Der spanische Gegner weiß gegen Spielende nie, was ihn erwartet. Kommen Flügelstürmer wie Navas oder Pedro? Kommt Fernando Torres? Wechselt Spanien, so dieser von Beginn an aufläuft, mitten im Spiel auf ein System ohne echte Spitze? Trotz der kleinen Statur vieler Spieler ist es nicht einmal auszuschließen, dass plötzlich hohe Bälle in den Strafraum fliegen. Diese Option, verbunden mit Sturmtank Fernando Llorente, hat del Bosque bei dieser EM noch in der Hinterhand; er nutzt sie vor allem, wenn sein Team unbedingt ein Tor braucht, und das war hier noch nicht der Fall.

Am Mittwoch geht es im Halbfinale gegen Portugal, aber die Spanier bringt nicht einmal die Galaform von Cristiano Ronaldo aus ihrer Bierruhe. Del Bosque sorgt sich allerdings etwas um die Physis, Spanien hat zwei Tage weniger zur Erholung. Umso mehr ist damit zu rechnen, dass er sich für seine Einwechslungen wieder etwas Besonderes einfallen lässt.

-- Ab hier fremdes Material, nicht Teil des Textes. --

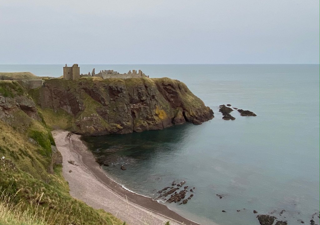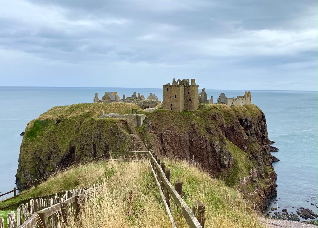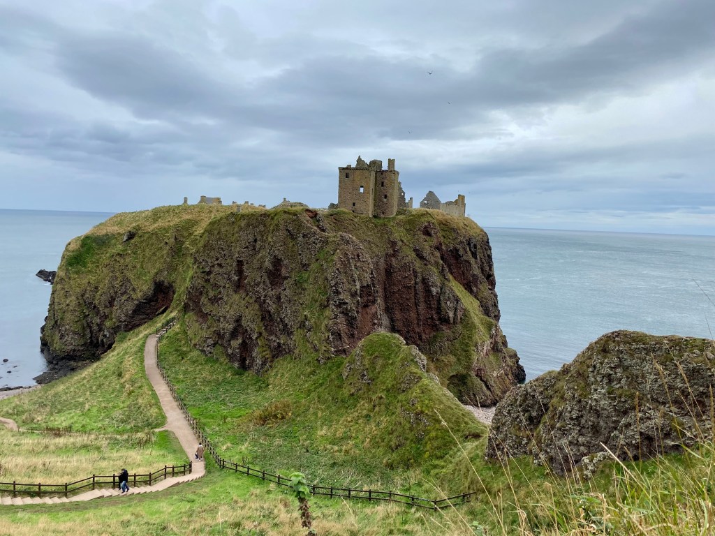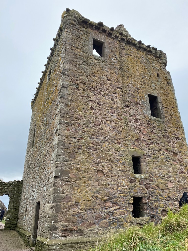 Once arrived, there was a long pathway down and then many steps more, before making an ascent up uneven stairs to Dunnottar Castle. The first stone building erected there was the chapel consecrated in 1276 A.D. Twenty years later the place was overrun by Sir William Wallace and a large massacre ensued. The Keep was erected in 1392 A.D. by Sir William Keith. There were descriptive signs throughout as well as depictions of how the place would have looked “back in the day”. We spent a good hour there exploring what remains.
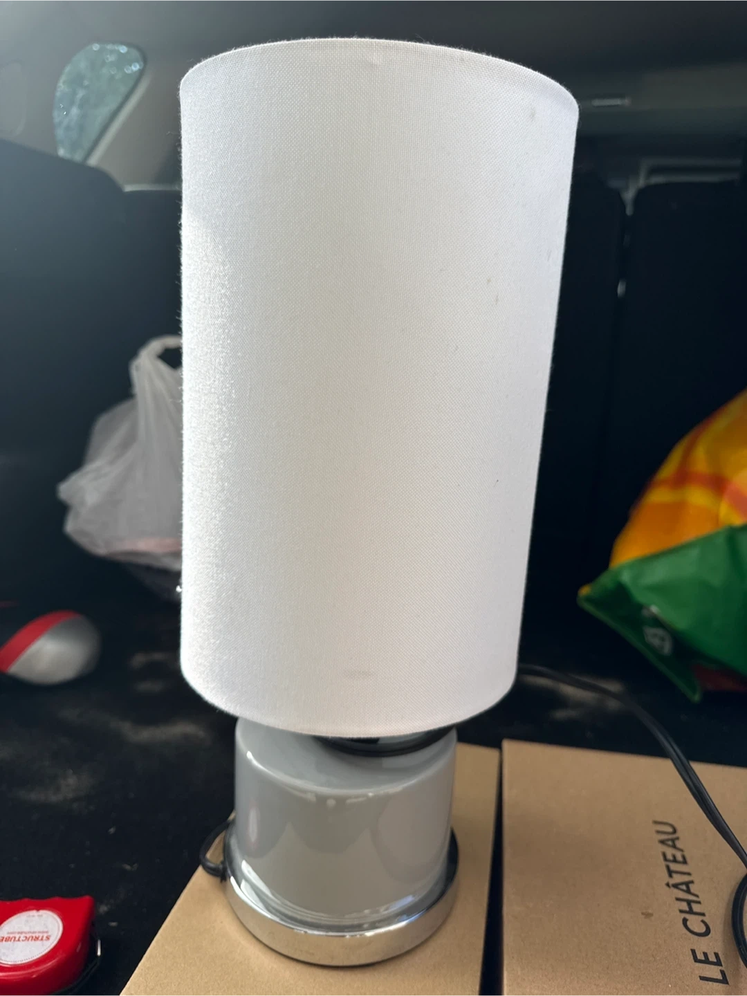 Here's a nice table lamp from Le Chateau! It has a white fabric shade and a gray base. It is in great condition and ready to brighten up your space

Spanien: Casillas - Arbeloa, Piqué, Ramos, Alba - Busquets - Xavi, Xabi Alonso - Silva (65. Pedro), Fàbregas (67. Torres), Iniesta (84. Cazorla). Frankreich: Lloris - Réveillère, Rami, Koscielny, Clichy - M'Vila (79. Giroud) - Cabaye, Malouda (65. Nasri) - Debuchy (64. Ménez), Ribéry - Benzema. Tore: 1:0 Xabi Alonso (19.) 2:0 Xabi Alonso (90.+1, Foulelfmeter). Schiedsrichter: Rizzoli (Italien). Zuschauer: 47 000. Gelbe Karten: Ramos - Cabaye, Ménez.